More than 30,000 cases were settled before reaching the formal insolvency stage, with claims totaling nearly 14 lakh crore rupees.
Ten years after its inception, the Insolvency and Bankruptcy Code (IBC) has fundamentally reshaped how India manages corporate debt. By shifting from a debtor-controlled model to a creditor-led framework, the law has become a cornerstone of the nation’s financial stability.
Recent data from the Insolvency and Bankruptcy Board of India reveals that creditors have successfully recovered over 4.32 lakh crore rupees through approved resolution plans as of March 2026. This milestone demonstrates the effectiveness of the system in dealing with stressed assets.
The impact extends far beyond formal courtroom cases. More than 30,000 cases were settled before reaching the formal insolvency stage, with claims totaling nearly 14 lakh crore rupees. This deterrent effect encourages borrowers to resolve financial issues early, fostering a culture of better credit discipline.

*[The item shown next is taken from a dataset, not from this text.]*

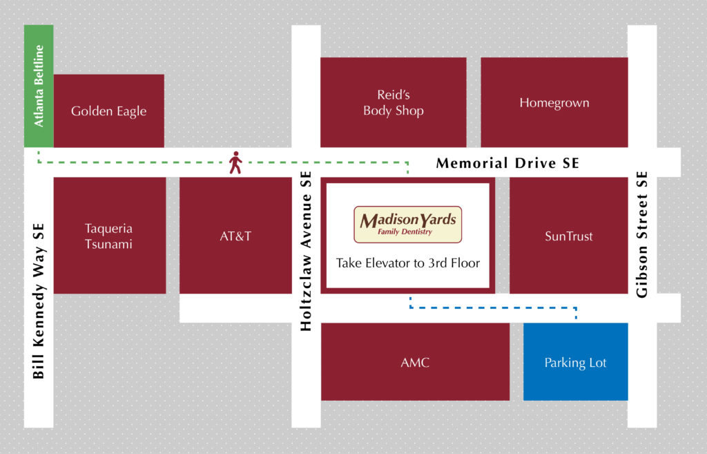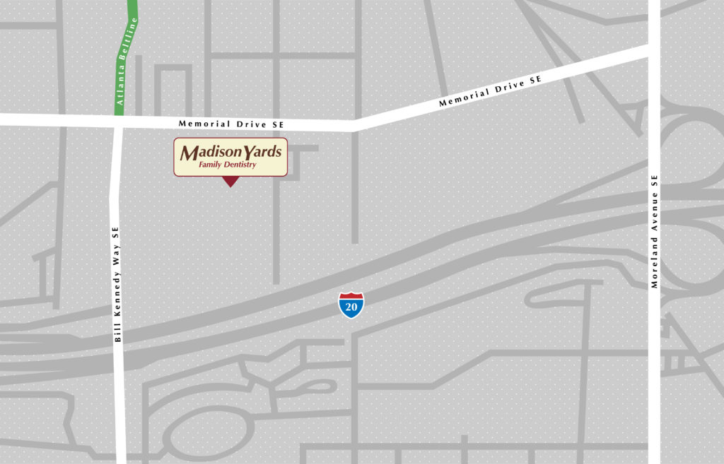 Madison Yards Family Dentistry is conveniently located in Reynoldstown close to Grant Park and the Atlanta Beltline in the Madison Yards development. The Madison Yards development is located on the corner of Memorial Drive SE and Billy Kennedy Drive SE.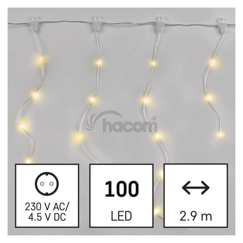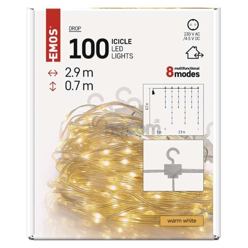 LED vianočná drop reťaz – cencúle, 2,9 m, vonkajšia aj vnútorná, teplá biela, programy D3CW02

Since 2016, a total of 8,987 corporate cases were admitted, with 7,102 reaching closure. Notably, about 58 percent of these settled cases, amounting to 4,099 companies, were successfully revived. This focus on business rescue rather than just liquidation is a key success of the reform.
Government officials, including those from the Ministry of Finance, have highlighted that these changes provide a faster, more transparent mechanism. By replacing complex, delay-ridden processes with time-bound resolution, the IBC continues to play a vital role in boosting investor confidence and strengthening the overall health of India's banking sector.